The Supreme Court held today in Republic of Argentina v. NML Capital that the Foreign Sovereign Immunities Act does not limit the scope of discovery available against a foreign sovereign in a post-judgment execution action. This case is one of many actions brought against Argentina by bondholders who did not accept debt restructuring offers, as covered extensively over at credit slips. Today’s case involved creditors seeking to execute U.S. judgments entered against Argentina. The district court ordered broad post-judgment discovery about Argentina’s assets around the world. Argentina argued that sovereign immunity, which curtails the circumstances under which its assets can be seized or attached by U.S. courts, also limits discovery about such assets, beyond those imposed by the Federal Rules of Civil Procedure. The Foreign Sovereign Immunities Act itself does not explicitly limit discovery in this way, however. Instead, it says almost nothing about discovery. The district court thus rejected Argentina’s argument, as did the Court of Appeals. Today the Supreme Court did as well in a 7-1 decision written by Justice Scalia. So why is the case significant?
First, it is consistent with what appears to be a trend away from foreign affairs exceptionalism and deference to the Executive Branch in foreign relations cases. In Republic of Argentina, the Court rejected the U.S. government’s arguments (advanced in an amicus brief), that focused on the negative impact such discovery could have for U.S. interests, including potentially damaging U.S. relations with Argentina and making the U.S. more vulnerable to discovery in foreign courts.

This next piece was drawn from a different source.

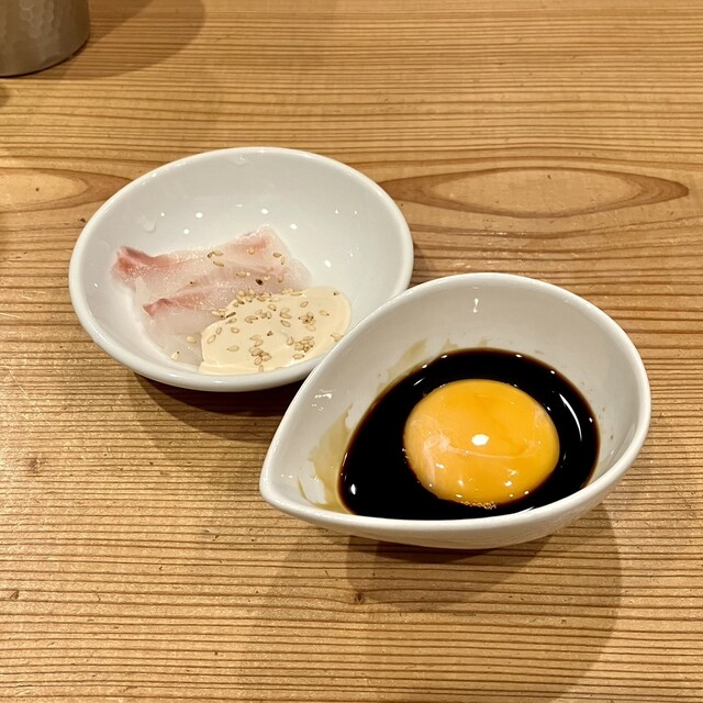 注文が済むと最初に漁師めし用の卵黄醤油と鯛茶漬け用の鯛の切り身が配膳され説明を受けます

The Court rejected both the government’s general argument with respect to discovery against foreign sovereigns under the FSIA and the government’s case-specific argument that the discovery order in this particular case was too broad (see Brief of United States as Amicus Curiae). Deference to the Executive Branch is contested in both contexts (general statutory interpretation and case-by-case application), as I have described here (pages 16-24). Unlike the Altmann v. Republic of Austria case, which also interpreted the FSIA without deferring to the U.S. government’s position, today’s case made no explicit suggestion that the government’s views might be entitled to case-by-case deference.

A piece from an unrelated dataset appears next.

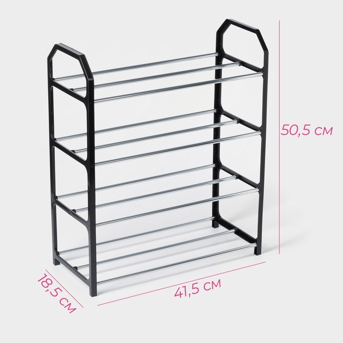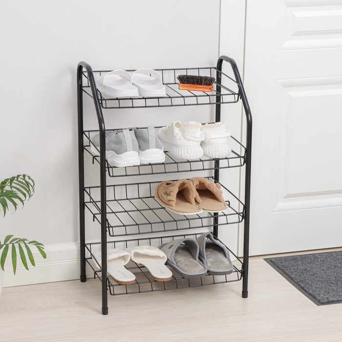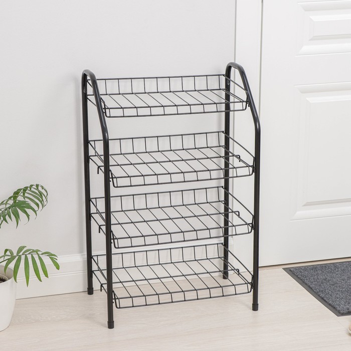 Полка для обуви Доляна, 4 яруса, 41.5?18.5?50.5 см, чёрнаяВопросы по товару

Second, the ruling calls into question discovery practices in many lower-court FSIA cases. Discovery in FSIA cases is often different from discovery in run-of-the mill proceedings, but in ways not specifically directed by the statute. For example, the Fifth Circuit – at the urging of the U.S. government -- held in Af-Cap v. Republic of Congo, 462 F.3d 417 (5th Cir. 2006), that the district court erred in issuing a contempt order imposing sanctions against a foreign sovereign because such sanctions cannot be enforced under the terms of the FSIA. (The D.C. Circuit has disagreed). Today’s decision suggests that the Fifth Circuit (and the government’s argument) were wrong: if the FSIA does not control the issue, then the case should be treated as business-as-usual. As another example, many lower courts have limited the scope of discovery about whether FSIA exceptions to immunity apply, based in part on the statutory presumption of immunity and on concerns that the evaluation of immunity itself could encroach on the benefits that immunity was intended to confer on foreign sovereigns. But the FSIA itself imposes no such limitation on discovery. For these cases, too, the reasoning of today’s opinion suggests that lower courts have been too generous in protecting foreign sovereigns from discovery requests, although in some cases the requirements of the FRCP (such as relevance) might lead to comparable results.
There is also footnote 6 in today's opinion. It notes that “other sources of law” – including “comity interests” – might limit the district court judge’s discretion in ordering discovery. Foreign sovereigns and the U.S. government will rely on this language to argue that even if the FSIA itself does not impose restrictions on discovery, other doctrines do, at least in particular cases. Much of the actual impact of the opinion in future cases may rest on how lower courts interpret this footnote. The Court emphasized that in today’s case “the single, narrow question” before it was the interpretation of the Foreign Sovereign Immunities Act – leaving open the scope and significance of those “other sources of law.”